*** Data shown ***

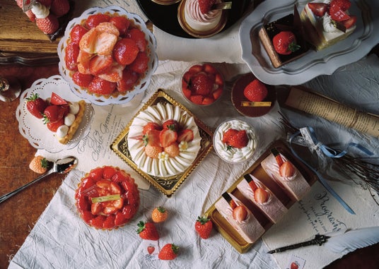 福岡県産あまおういちごだけでなく、奈良県産「淡雪いちご」「古都華」や三重県産「伊賀満天星(いがどうだん)いちご」など、さまざまな品種のいちごを使用した今だけの限定いちごスイーツ達が登場。
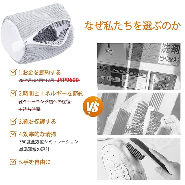 【お金、時間、労力を節約】靴を洗うためにクリーニング店に往復するのに多額のお金と時間を費やす必要はありません。また、面倒な手洗いも不要で、手を解放し、袋に入れて投入するのにわずか5 秒です!
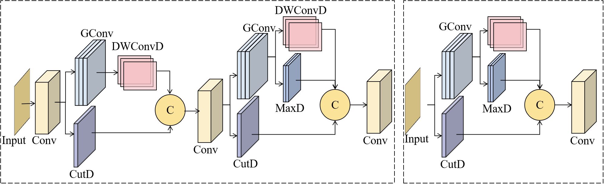 The SRFD module processes input images through a two-stage downsampling pipeline. Initially, a 7×7 convolution extracts preliminary features while preserving spatial resolution. In the first stage, the image size is halved using two parallel pathways: CutD, which retains spatial features through slicing, and ConvD, which employs grouped convolutions to extract local features. These features are then fused to retain both structural and semantic information. In the second stage, the resolution is reduced to a quarter, employing three parallel branches: ConvD for context, MaxD for prominent features, and CutD for spatial details, ensuring comprehensive feature preservation during the downsampling process.
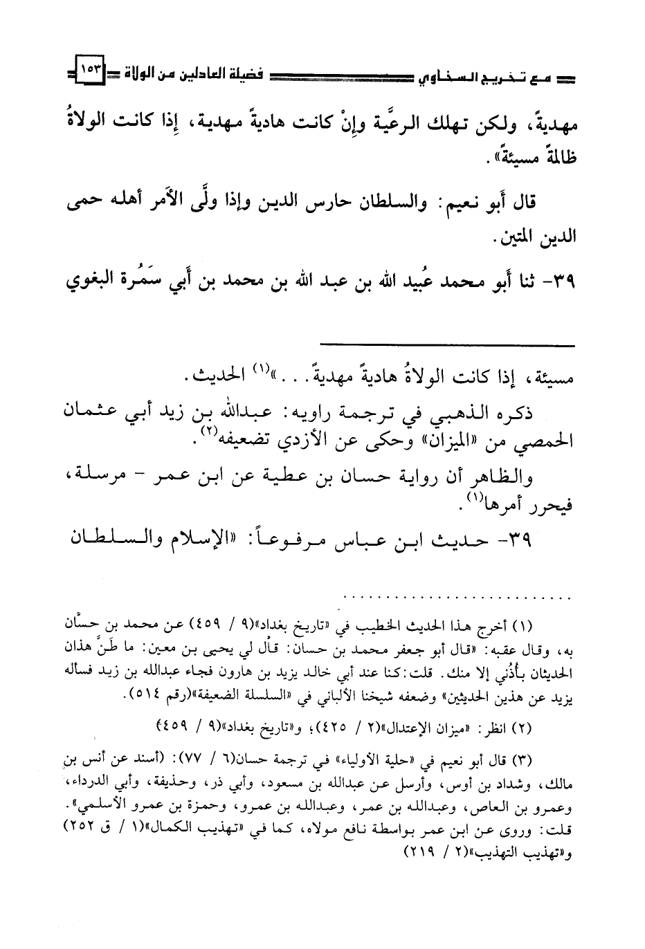 39 - ثنا أَبُو مُحَمَّدٍ عُبَيْدُ اللَّهِ بْنُ عَبْدِ اللَّهِ بْنِ مُحَمَّدِ بْنِ أَبِي سَمُرَةَ الْبَغَوِيُّ، ثنا عَبْدُ اللَّهِ بْنُ الْحَسَنِ بْنِ نَصْرٍ الْوَاسِطِيُّ، ثنا سَوَادَةُ بْنُ عَلِيٍّ الْكُوفِيُّ، قَالَ: ثنا عَلِيُّ بْنُ مِكْنَفِ بْنِ حَاجِبٍ التَّمِيمِيُّ، ثنا طِلَابُ بْنُ حَوْشَبٍ، عَنْ أَبِي زَيْدٍ، عَنْ أَبِي الْمُغِيرَةِ، عَنِ ابْنِ عَبَّاسٍ، قَالَ: قَالَ رَسُولُ اللَّهِ صَلَّى اللهُ عَلَيْهِ وَسَلَّمَ: «§الْإِسْلَامُ وَالسُّلْطَانُ أَخَوَانِ تَوْأَمٌ، لَا يَصْلُحُ وَاحِدٌ مِنْهُمَا إِلَّا بِصَاحِبِهِ، فَالْإِسْلَامُ أُسُّ وَالسُّلْطَانِ حَارِسٌ، وَمَا لَا أُسَّ لَهُ مُنْهَدِمٌ، وَمَا لَا حَارِسَ لَهُ ضَائِعٌ»
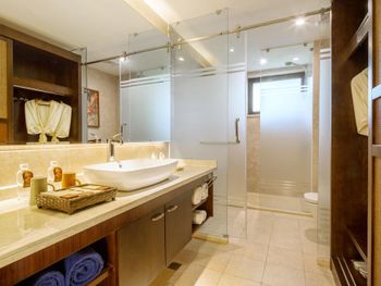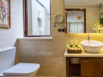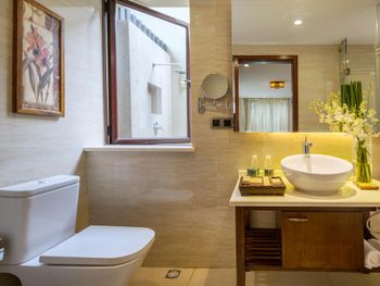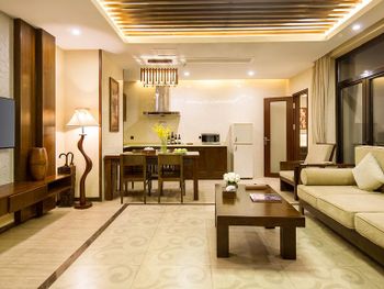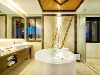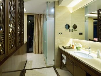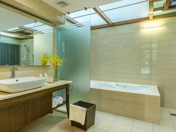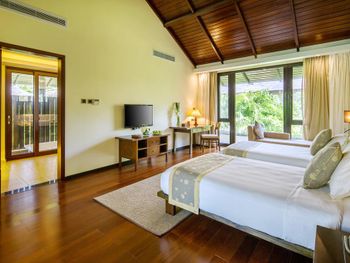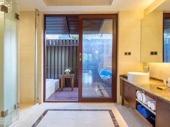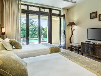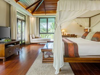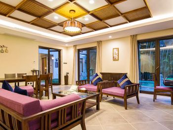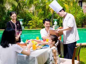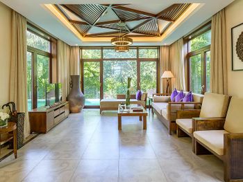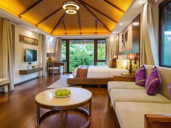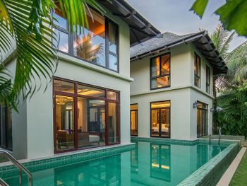 - Очень отзывчивый персонал, помогут и подскажут по любому вопросу; - Хорошая уборка номеров; - Разнообразный завтрак. Каждый день было что-то новое, не надоедало совсем. Китайская, европейская кухни; - По территории отеля и до пляжа ходит трансфер, приезжает очень быстро; - По факту это жизнь на вилле, достаточно умиротворённое место, был прямо перед номером мини-бассейн на 4 комнаты;

*** End of Data shown ***

Exercise requirements:
The records above, minus their pictures, are to be returned word for word.

Task output:
 福岡県産あまおういちごだけでなく、奈良県産「淡雪いちご」「古都華」や三重県産「伊賀満天星(いがどうだん)いちご」など、さまざまな品種のいちごを使用した今だけの限定いちごスイーツ達が登場。
 【お金、時間、労力を節約】靴を洗うためにクリーニング店に往復するのに多額のお金と時間を費やす必要はありません。また、面倒な手洗いも不要で、手を解放し、袋に入れて投入するのにわずか5 秒です!
 The SRFD module processes input images through a two-stage downsampling pipeline. Initially, a 7×7 convolution extracts preliminary features while preserving spatial resolution. In the first stage, the image size is halved using two parallel pathways: CutD, which retains spatial features through slicing, and ConvD, which employs grouped convolutions to extract local features. These features are then fused to retain both structural and semantic information. In the second stage, the resolution is reduced to a quarter, employing three parallel branches: ConvD for context, MaxD for prominent features, and CutD for spatial details, ensuring comprehensive feature preservation during the downsampling process.
 39 - ثنا أَبُو مُحَمَّدٍ عُبَيْدُ اللَّهِ بْنُ عَبْدِ اللَّهِ بْنِ مُحَمَّدِ بْنِ أَبِي سَمُرَةَ الْبَغَوِيُّ، ثنا عَبْدُ اللَّهِ بْنُ الْحَسَنِ بْنِ نَصْرٍ الْوَاسِطِيُّ، ثنا سَوَادَةُ بْنُ عَلِيٍّ الْكُوفِيُّ، قَالَ: ثنا عَلِيُّ بْنُ مِكْنَفِ بْنِ حَاجِبٍ التَّمِيمِيُّ، ثنا طِلَابُ بْنُ حَوْشَبٍ، عَنْ أَبِي زَيْدٍ، عَنْ أَبِي الْمُغِيرَةِ، عَنِ ابْنِ عَبَّاسٍ، قَالَ: قَالَ رَسُولُ اللَّهِ صَلَّى اللهُ عَلَيْهِ وَسَلَّمَ: «§الْإِسْلَامُ وَالسُّلْطَانُ أَخَوَانِ تَوْأَمٌ، لَا يَصْلُحُ وَاحِدٌ مِنْهُمَا إِلَّا بِصَاحِبِهِ، فَالْإِسْلَامُ أُسُّ وَالسُّلْطَانِ حَارِسٌ، وَمَا لَا أُسَّ لَهُ مُنْهَدِمٌ، وَمَا لَا حَارِسَ لَهُ ضَائِعٌ»
 - Очень отзывчивый персонал, помогут и подскажут по любому вопросу; - Хорошая уборка номеров; - Разнообразный завтрак. Каждый день было что-то новое, не надоедало совсем. Китайская, европейская кухни; - По территории отеля и до пляжа ходит трансфер, приезжает очень быстро; - По факту это жизнь на вилле, достаточно умиротворённое место, был прямо перед номером мини-бассейн на 4 комнаты;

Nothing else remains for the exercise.